Biebrich scarlet (C.I. 26905) is a molecule used in Lillie's trichrome. It is an anionic mono-azo dye, which is an important pigmenting agent in the textile and paper industries, used to color wool, silk, cotton, and papers. The dye was created in 1878 by the German chemist Rudolf Nietzki. He was employed by Kalle & Co. and completed his contributions on August of 1880, where he claimed to be the inventor of Biebrich scarlet. The name, Biebrich scarlet, originated from the location where a company, Kalle & Co., marketed the dye in Biebrich (Wiesbaden).

== Properties ==
Biebrich scarlet has two alternative structures: the keto form, with the IUPAC name of 2-[(2Z)-2-(2-oxonaphthalen-1-ylidene)hydrazinyl]-5-[(4-sulfonatophenyl)diazenyl]benzene-1-sulfonate, and the enol form, with the IUPAC name of 2-[(2-hydroxynaphthalen-1-yl)diazenyl]-5-[(4-sulfophenyl)diazenyl]benzene-1-sulfonic acid. The dye has molecular formula C_{22}H_{16}N_{4}O_{7}S_{2} and a molecular weight of 512.51 grams per mol. The sodium salt has molecular formula C_{22}H_{14}N_{4}Na_{2}O_{7}S_{2} and a molecular weight of 556.48 grams per mol. The wavelength of maximum absorbance of a solution of the dye is 510 nm.

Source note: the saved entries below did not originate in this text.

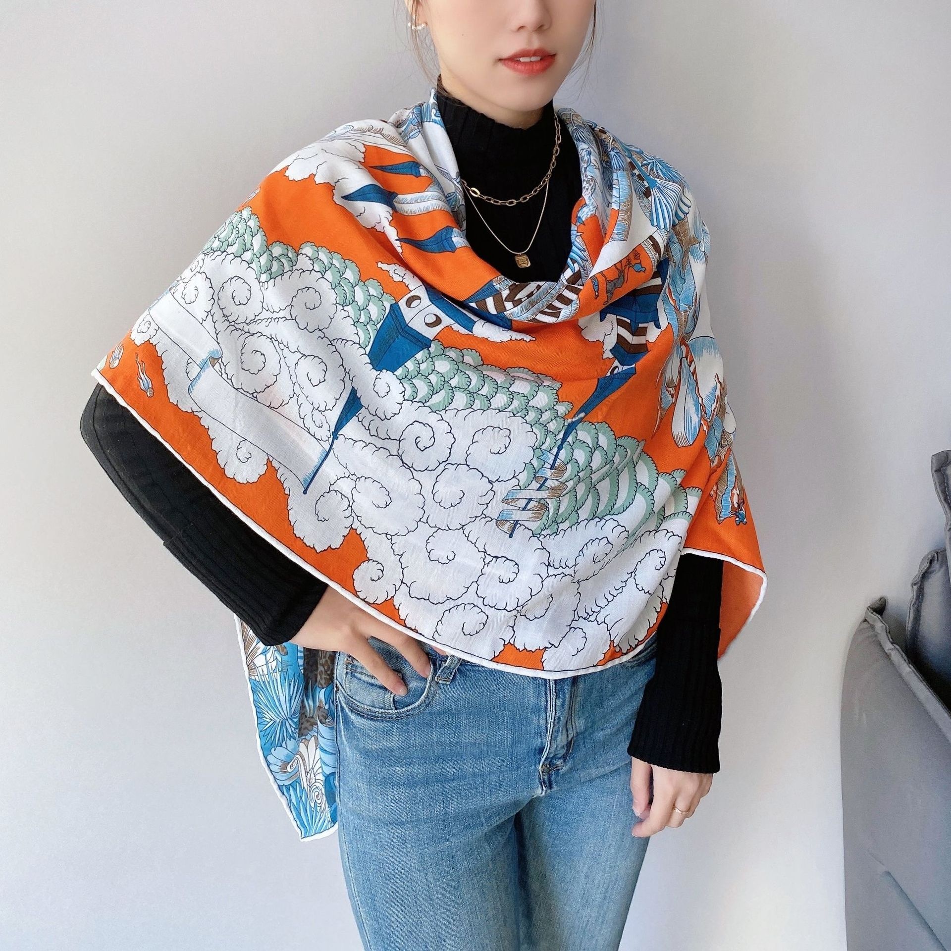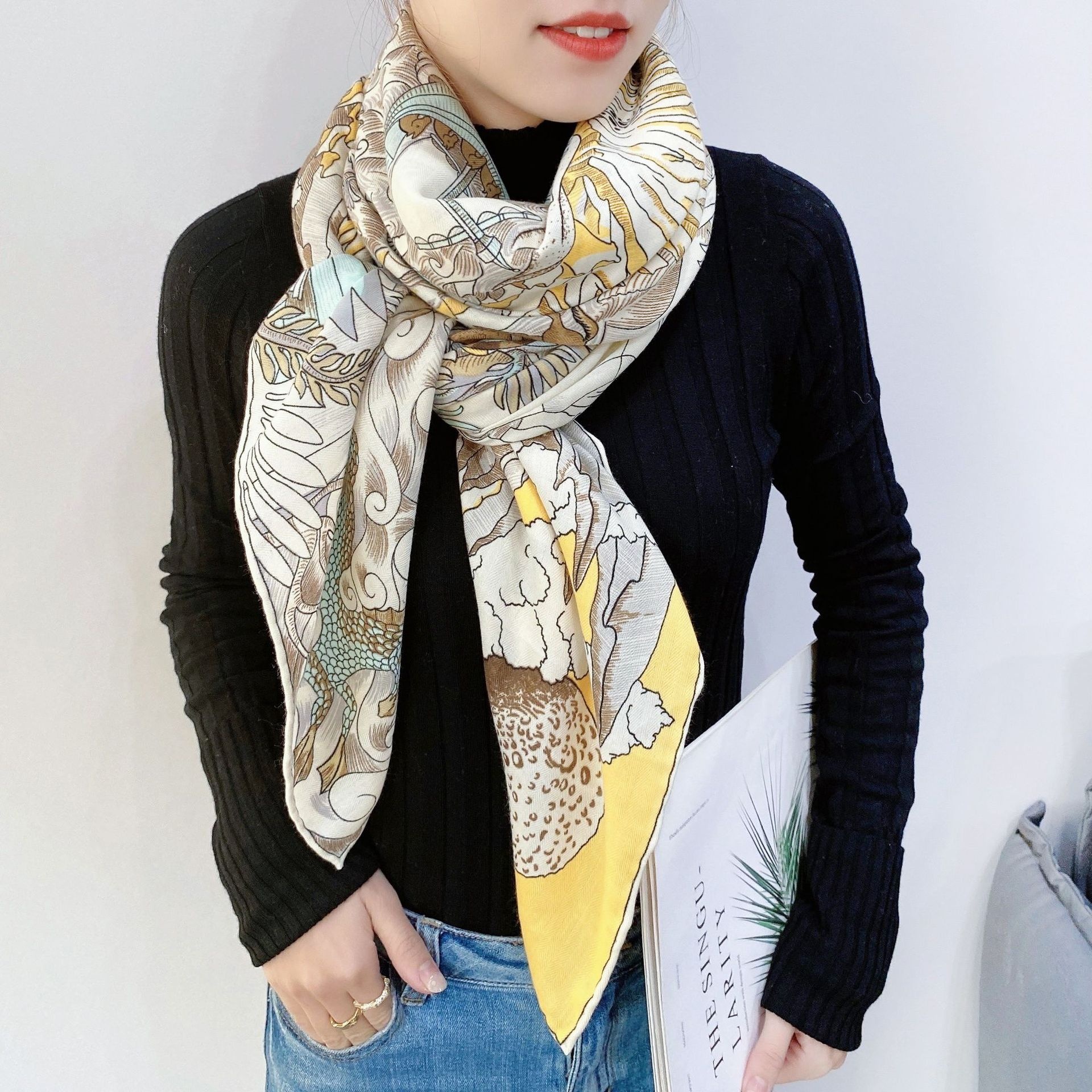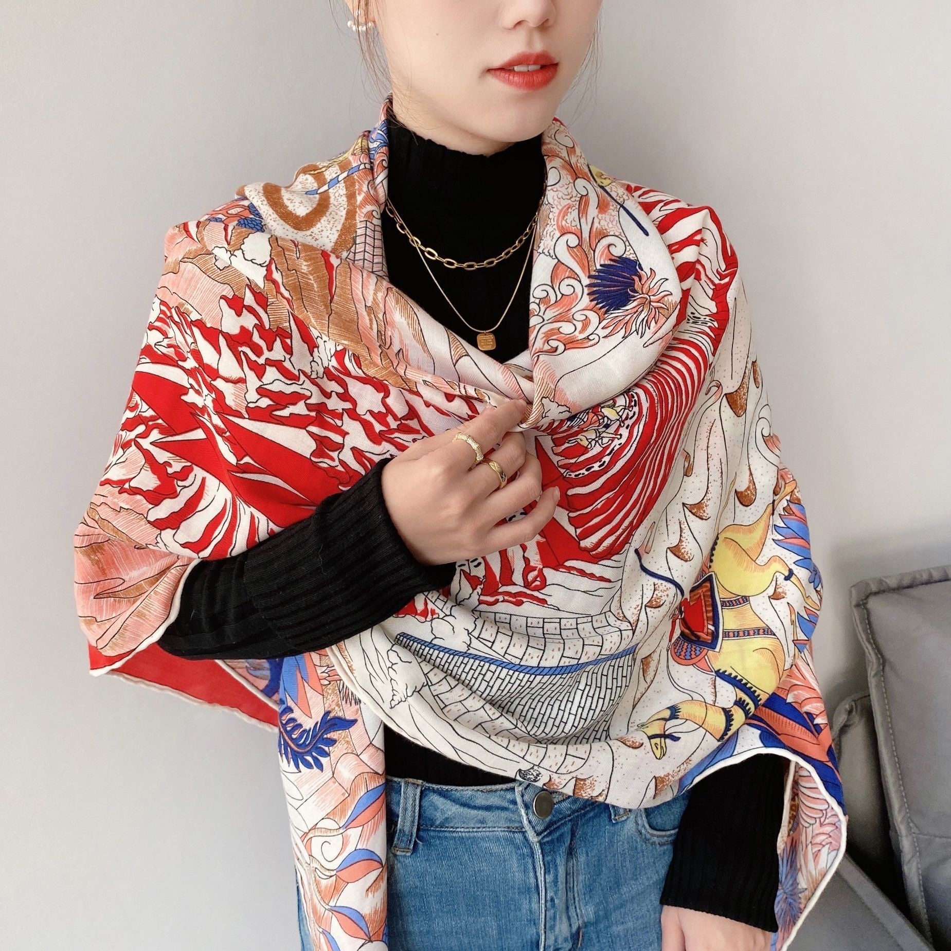Spring And Summer Scarf130cm Decorative Shawl Printed Large Square Scarf Fashionable And Versatile Korean Hot-selling Scarf
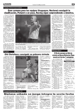 ganó 6 a 3 a Maldonado. UTU 7 – Racing 1 con la presentación de Luego de la gran ac-
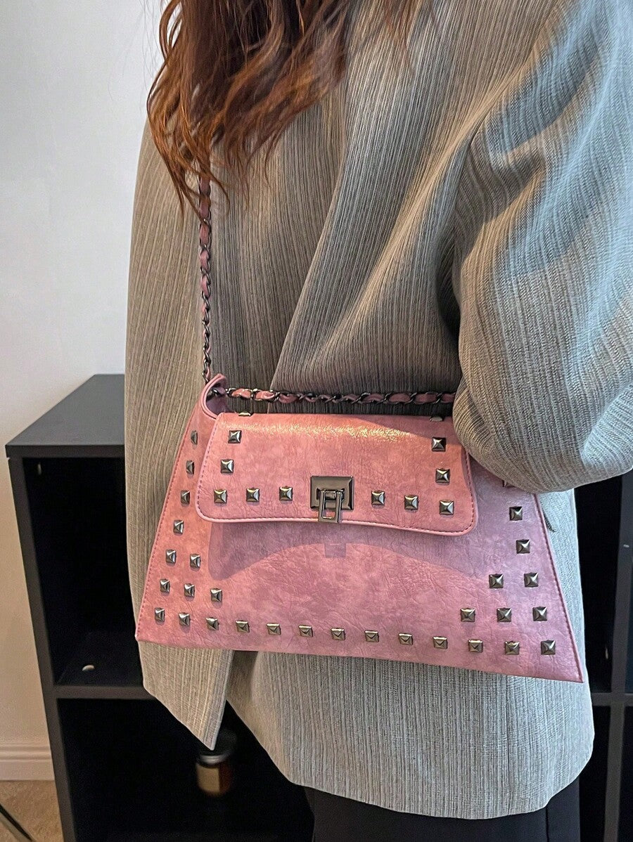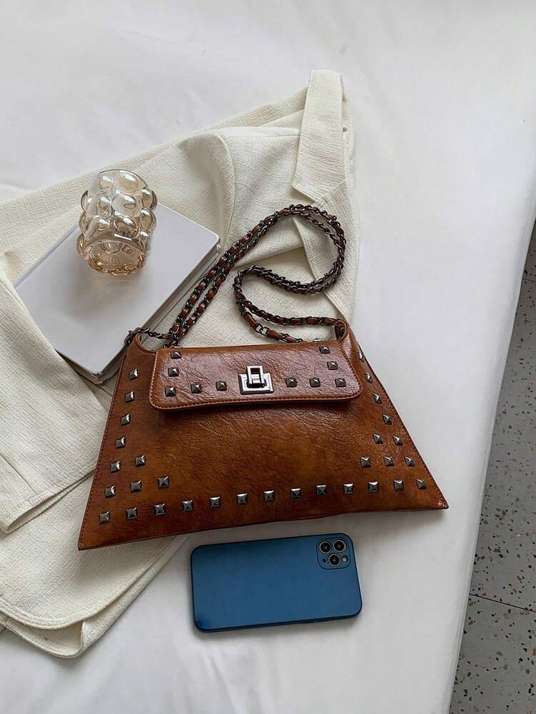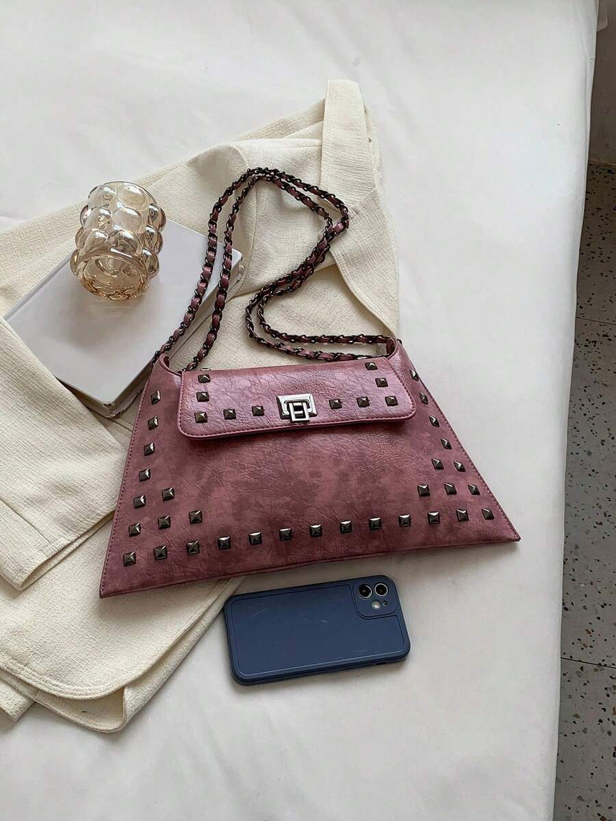 Solid Colour PU Leather Crossbody Bag with Twist Lock, Sleek and Fashionable Shoulder Bag for Office, School, Work or Daily Shopping
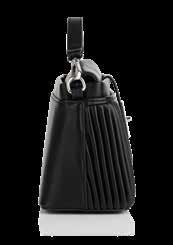 Black PU handbag with pleated PU detail. Rhodium plated hardware. Flap with magnetic clip closure. Fully lined. Inner side pockets. Removable shoulder strap. Protective dust.
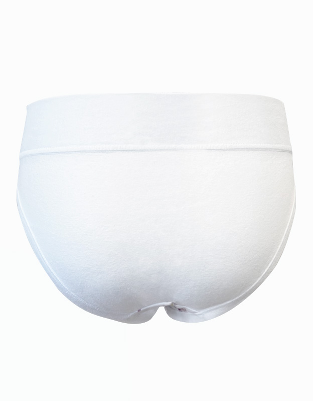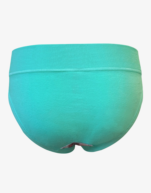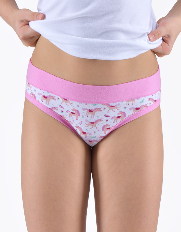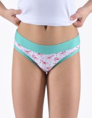 Figi o klasycznym kroju z szerszym pasem, szyte. Pas wykończony jest szerszym paskiem z tego samego materiału. Nogawki wykończone są wąskim pasem z tego samego materiału. Przód z nadrukiem. Tył i pas w jednolitym kolorze.
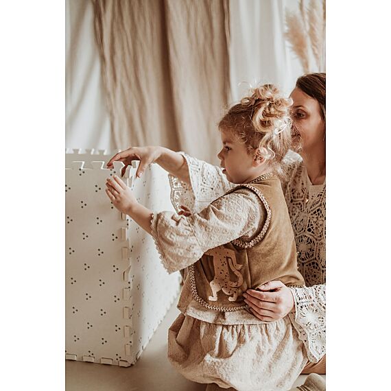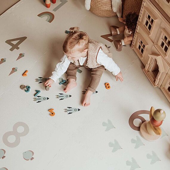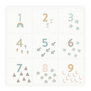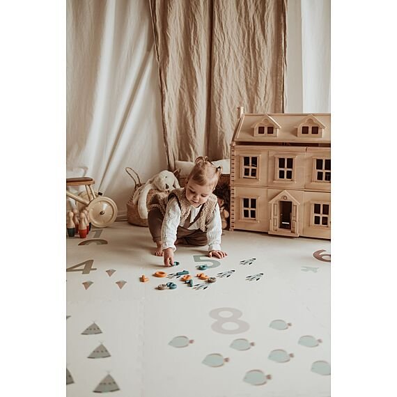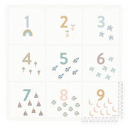 D'un côté de ce tapis puzzle carré, vous découvrirez un magnifique motif de chiffres et d'icônes pour apprendre à compter avec style ; de l'autre, de délicats pois minimalistes. Idéal pour varier les plaisirs. Ce tapis design pour enfants apportera instantanément une touche d'élégance à votre salon, salle de jeux ou chambre d'enfant.
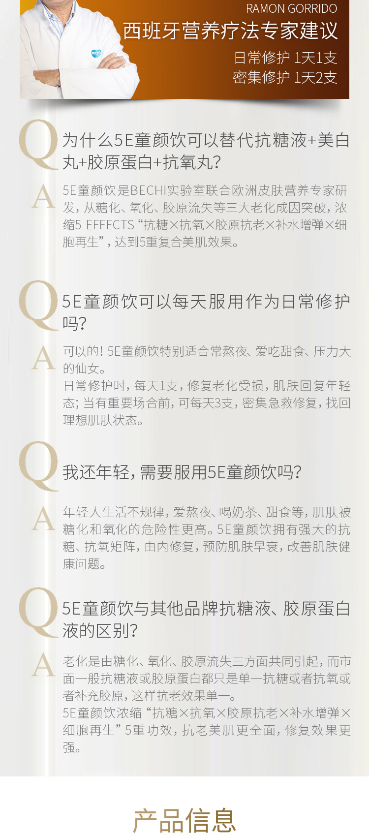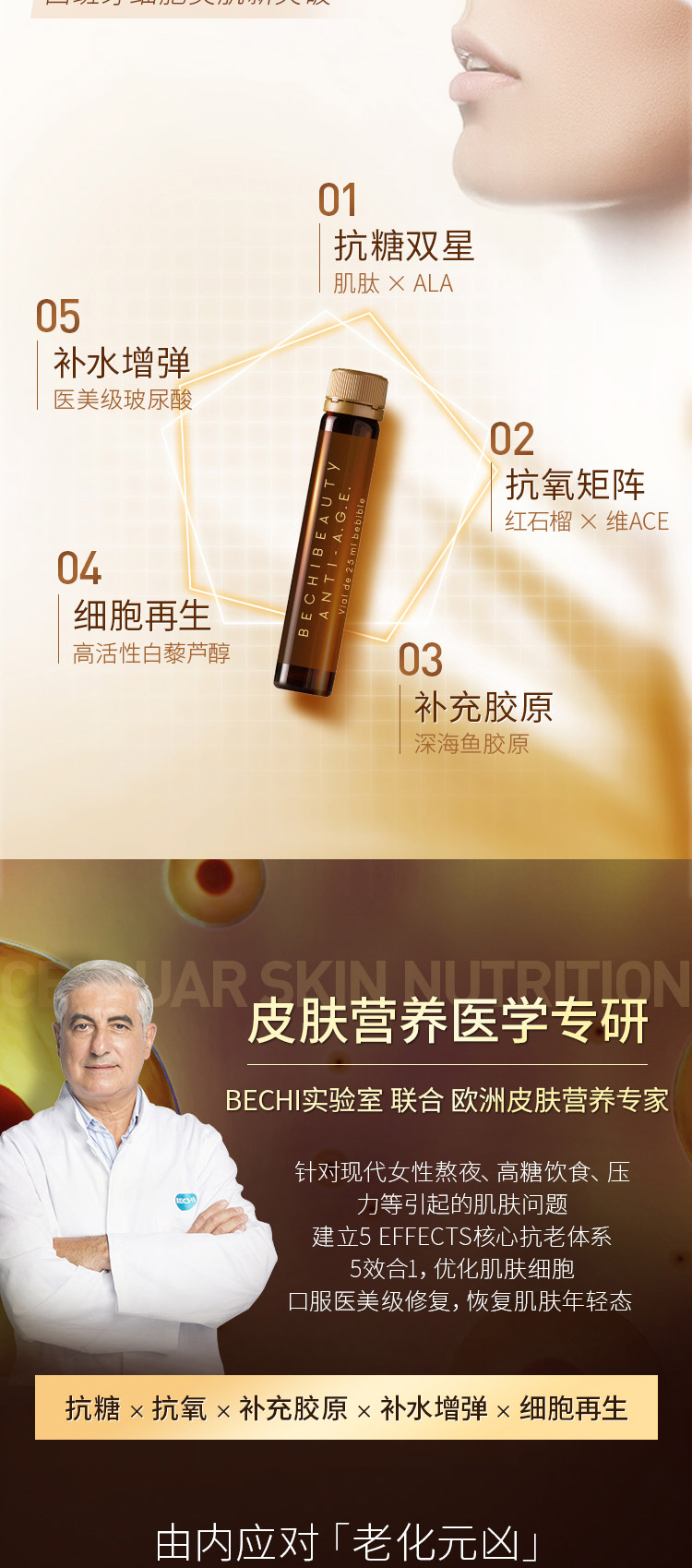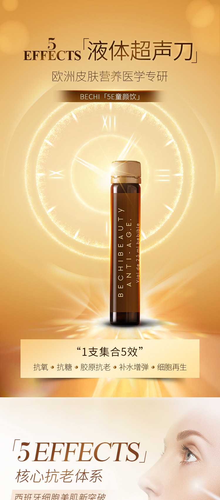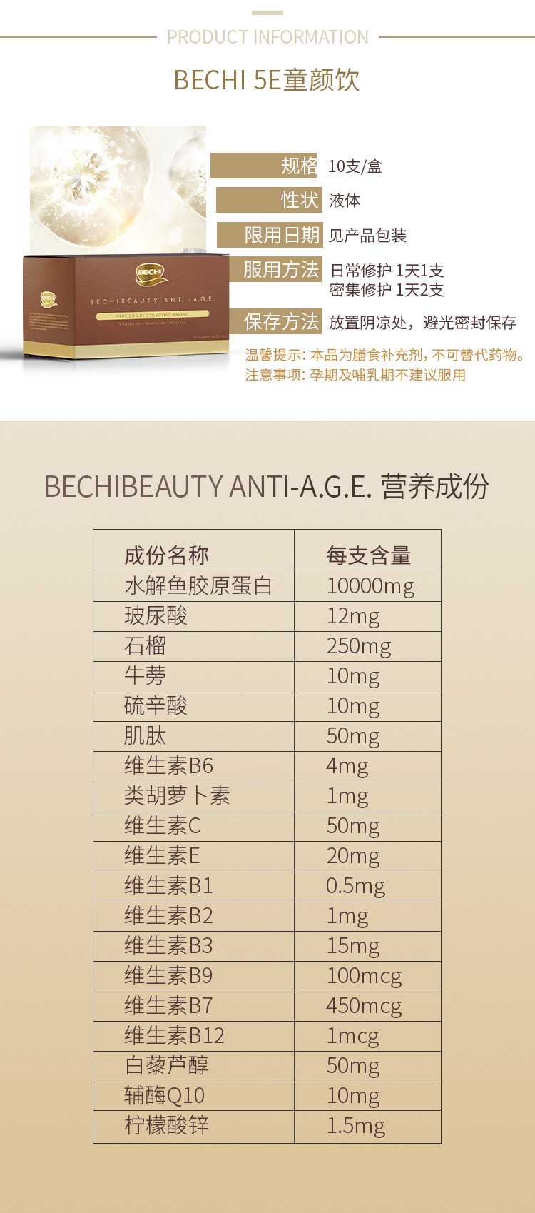 西班牙BECHI贝琪童颜饮 胶原蛋白肽口服液 硫辛酸NAD 轻松喝出少女肌 10支/盒

== Environmental impacts and applications ==
Biebrich scarlet dyes are used to color hydrophobic materials like fats and oils. It's also one of the most often used dyes for plasma staining. The dye is an illegal dye for food additives because of its carcinogenic properties. Biebrich scarlet can have harmful effects on living and non-living organisms in natural water. This dye is strongly colored, and its presence in water bodies, even at low quantities (10-50 mg/L), can be detected, reducing the transparency of the water ecosystem. It also hinders the entry of sunlight into the water, affecting both zooplankton and phytoplankton in the water ecosystem, therefore the pollutant must be removed. Removal of the pollutant involves absorption, membrane filtration, precipitation, ozonation, fungal detachment, and electrochemical separation. Hydrogel absorbents have active sites to which the dye is held using electrostatic interactions. Photocatalysis allows for almost total degradation of Biebrich scarlet azo dye bonds in less than 10 hours. Degradation of Biebrich scarlet is also observed using lignin peroxidase enzyme from wood rotting fungus in the presence of mediators like 2-chloro-1,4-dimethoxybenzene.

With such a significant impact on the environment and surrounding resources, researchers are working to reduce the dye's presence in water bodies. Studies have shown techniques to remove the red dye Biebrich Scarlet (BS) from water using UV light and nanophotocatalysts like TiO₂, ZnO, CdS, and ZnS. Among these, ZnO performed the best in dye removal. To enhance the process, researchers adjusted factors such as catalyst concentration (0.25-1.25 g/L), solution pH (3-11), and dye concentration (5-100 mg/L). Precipitation was used to form the ZnO nanoparticles, which were then studied utilizing advanced technologies (XRD, FT-IR, TGA, SEM, and TEM) to confirm their characteristics. Experiments revealed that, under optimal conditions, these produced ZnO particles beat commercial ZnO powders in dye breakdown. Furthermore, the study found that the produced ZnO could be reused well, making it a suitable material for water treatment applications.